Выбрать главу

Дождь припустил, сделавшись совершенно невыносимым; казалось, день превратился в сумрачный вечер, а вечер, в свою очередь, раньше обычного сменился ночью; плотные массы тумана скатывались по крутым бокам лесистых холмов; поверх тумана повсюду, насколько хватало глаз, возвышались мрачные ели, из-за чего пространство, открывавшееся до самого горизонта, походило на море конусообразных вершин. Дома попадались все реже; не встретилось ни одного прохожего. Путеводителем мне была всего лишь карманная карта в моем «Джони Мюррее». Сверившись с нею, я вскоре убедился в том, что еду не в сторону Роднэса, а плутаю где-то на берегах Тири-фьорда, заехав по меньшей мере на три норвежские мили (т.е. на 21 английскую) в противоположную сторону. Лошадка моя притомилась, дождь по-прежнему стоял стеной, близилась ночь, и со всех сторон меня обступали величественные громады гор. Дорога пошла по глубокому ущелью, около места, носившего — как я потом узнал — название Крогклевен. Миновав его, я очутился в почти круглой долине, посреди холмов.

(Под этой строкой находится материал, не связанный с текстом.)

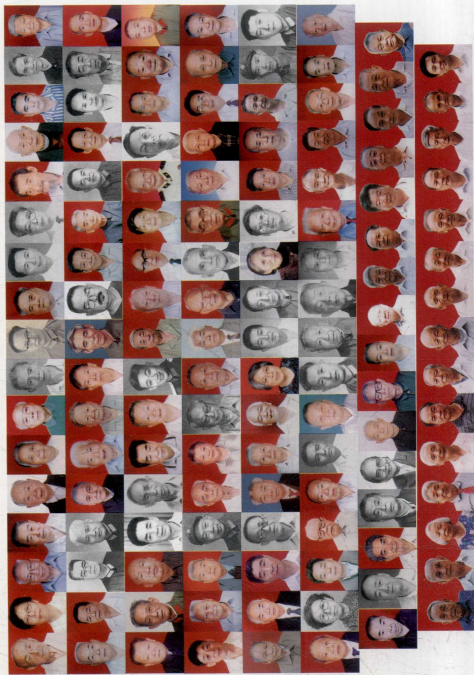
2002年8月20日，广州新四军研究会第三师分会老战士因外出或行动不便补照留影（名单付后）

Из-за крутизны дороги и изношенности упряжи моего наемного экипажа постромки разошлись, и я оказался — с бесполезными теперь лошадью и кабриолетом — вдали от какого бы то ни было жилища, где я смог бы починить свою одноколку или найти приют; дождь лил не утихая, вокруг меня высились дремучие непроходимые леса норвежских сосен, и необычайная мрачность ночи делала их тени еще чернее.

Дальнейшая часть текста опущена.